Saturday, September 8, 2012

Tabbouleh, Tea, and downTown Amman

This weekend has been full of exploring Amman and I am loving this city more and more. Amman is definitely underrated, considering its wealth of ancient ruins, colorful markets, and amazing food.

The first day I slept in, read a number of publications on the Jordan River Rehabilitation Project, and had breakfast with my host family and visiting host uncle and aunt. My host sister explained Jordanian meals to me. Basically, breakfast and dinner are largely the same thing of dipping pita bread in hummus, lebneh, olive oil, and za'atar (thyme). Lunch is the main meal of the day, when you have some sort of meat with rice, salad, and pita bread. There can be variations on this, such as instead of meat and rice to have cucumbers and eggplant stuffed with rice and shredded meat and baked in tomato sauce. So far everything is delicious and exploding with flavor, especially the salad.

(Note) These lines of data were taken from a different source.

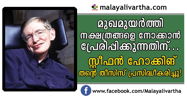 തീസിസ് പ്രസിദ്ധീകരിച്ച കേംബ്രിജ് സര്വകലാശാല വെബ്സൈറ്റിനു പോലും താങ്ങാവുന്നതിലധികം സന്ദര്ശകര്. തീസിസ് ഒരു സാധാരണ വിദ്യാര്ഥിയുടേതല്ല. അസാധാരണ ജീവിതം കൊണ്ട് ലോകത്തെ വിസ്മയിപ്പിച്ച ശാസ്ത്രജ്ഞന് സ്റ്റീഫന് ഹോക്കിങ് ഇരുപത്തിനാലാം വയസ്സില് സമര്പ്പിച്ച പിഎച്ച്ഡി തീസിസ് ആണ് അദ്ദേഹത്തിന്റെ ആഗ്രഹപ്രകാരം സര്വകലാശാല കഴിഞ്ഞ ദിവസം വെബ്സൈറ്റില് സൗജന്യമായി പ്രസിദ്ധീകരിച്ചത്.
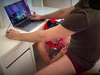 While playing VIDEO GAMES, this latina milf with blue eyes and big ass gives BLOWJOB and gets GAPED
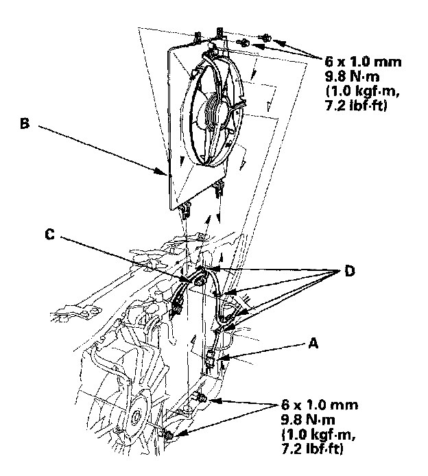6. Remove the compressor clutch connector (A) from the condenser fan shroud (B), then disconnect the connector. Disconnect the condenser fan connector (C), then remove the wire harness clips (D) from the condenser fan shroud. Loosen the lower mounting bolts, then remove the upper mounting bolts and the condenser fan shroud. Be careful not to damage the radiator fins when removing the condenser fan shroud.
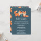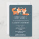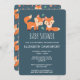 Baby shower invitation avec une illustration graphique de 2 renards oranges à l'air mignon et heureux. Arrière - plan vert foncé.
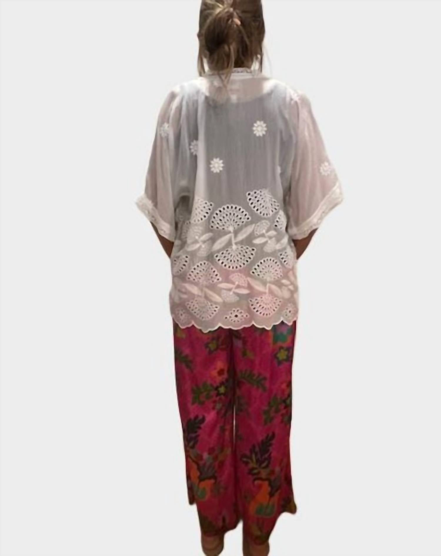 The perfect travel pants! Where comfort intersects with style and fun. The Lauchlen Pants are beautifully adorned with a vibrant floral pattern and crafted from a silk blend with a touch of spandex for added stretch. Comfort is key in these unique pants, which are sure to impress. Hand Wash.
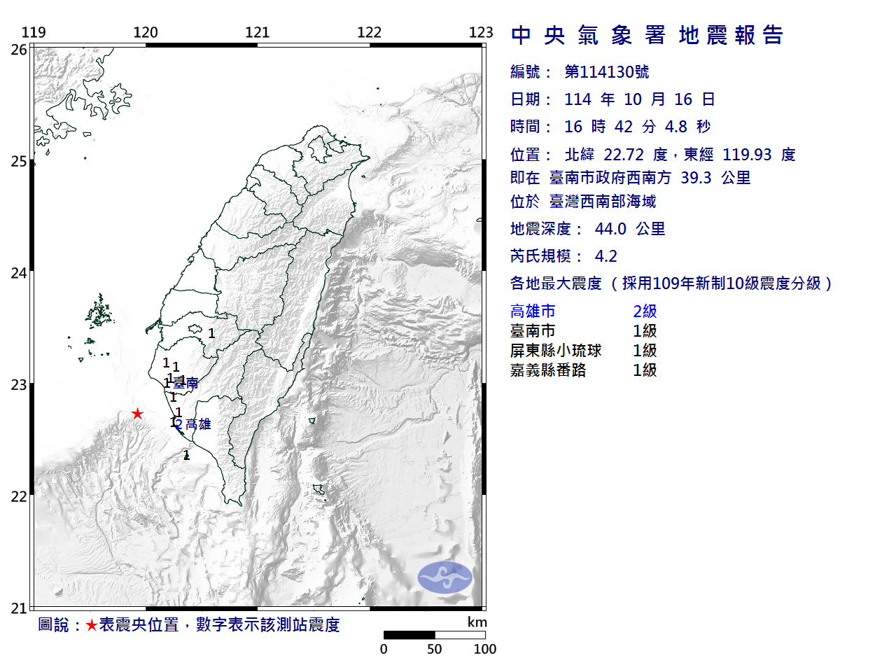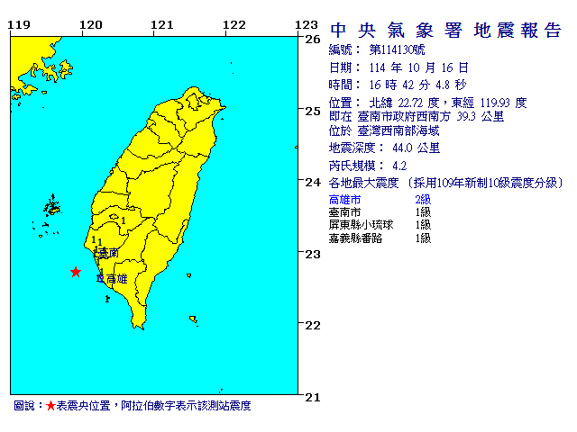 | 發 震 時 間: | 114年10月16日16時42分 4.8秒 |

This morning I learned how to make tabbouleh (the green to the right of the photo). Here is the recipe as I understood it after observing my host mother making it:

Ingredients
• Parsley
• Green chili pepper
• Tomatoes
• Bulgur
• Onions
• Mint leaves
• Olive oil
• Lemon juice
• Salt & Pepper

1. Finely chop parsley until it fills an entire bowl
2. Remove the seeds of one green chili pepper, mince the pepper, and add it to the mountain of parsley
3. Wash and finely chop 4 red tomatoes (they should be pea-sized) and add them to the parsley and the pepper
4. Peel and soak two large onions in water
5. Pour half a bag of small-sized bulgur onto the tomatoes and let them soak so they become soft
6. Mince the onions finely and add them to the salad
7. Add finely sliced mint leaves
8. Drizzle olive oil and lemon juice over the salad so it is shiny, not wet
9. Sprinkle salt and pepper over the tabbouleh and mix it
10. Serve with warm pita bread and hummus

Friday night we went to Souk Jara on Rainbow Street, where there was art, funny Jo Bedu t-shirts, and a little bracelet with a blue stone in which a man carved ماريال, my name in Arabic, so I bought it. Then we went to Saj, where the man made the bread from scratch, spread it with lebneh, added turkey, tomatoes, sliced black olives, and sliced sweet peppers, wrapped it up and put it in my hand, within about 5 minutes. To wash down the meal, I had freshly blended strawberry and kiwi juice. لذيذ!


Today I cancelled the day trip to the dead sea and instead slept in. In the morning I had turkish coffee and practically an all-Arabic conversation with my host mom. After showering and cleaning my room, I went downtown with a group of girls, which quickly diminished to two of us. The day was an adventure, starting with exploring the shops around Husseini Mosque and walking up a random stairwell with a gorgeous view of Amman. As we passed a sweet shop we had to stop because of the wonderful smell, and the guy offered us a taste of one of the cakes. Before we knew it he got us chairs from the coal shop next door (there were actually coal-blackened faces filling bags of coal) and had filled a bag of حلويات for us, that he insisted we take for free. Kindness has no limits in this country.

With our bag now full of honey-drenched pastries, we asked a group of Muslim women for the famous falafel place, Hashem. They directed us to a restaurant around the corner, eager to get to know where we are from and how long we have been in Amman. We were quickly ushered in to the restaurant where we were served bowls of hummus, falafel, pickles, and tomatoes as well as a bag of pita bread.

After a delicious meal and an offer to marry the brother of the guy sitting next to us, we moved on to the fruit and vegetable market. After leaving that market we stumbled upon the Nymphaeum and got exclusive access to the magnificent ruins, where we befriended three very curious cats. Down the street we came upon a tiny store overflowing with decades-old books. For two book nerds this was heaven. We befriended the fascinating Bedouin from Karak who ran the bookshop in the name of his grandfather, who had opened up a book shop in Jerusalem more than a hundred years ago. He served us tea, showed us his poetry and collections of books in Swedish, and gave us a good deal on postcards depicting Amman 50 years ago.


The day ended with our first successful attempt to take buses all the way home, although it took an hour due to traffic and convoluted bus routes. Tonight I introduced the other girls living in the building to Söder Te, which I will now have to import to the USA. I should get to bed now so I am rested for my first day of classes. تصبح على خير!

1 comment:

  1. Sounds amazing! I wish I could extend my Eurasian travels into Middle Eastern travels. Strangers things have happened. Continue having an amazing time!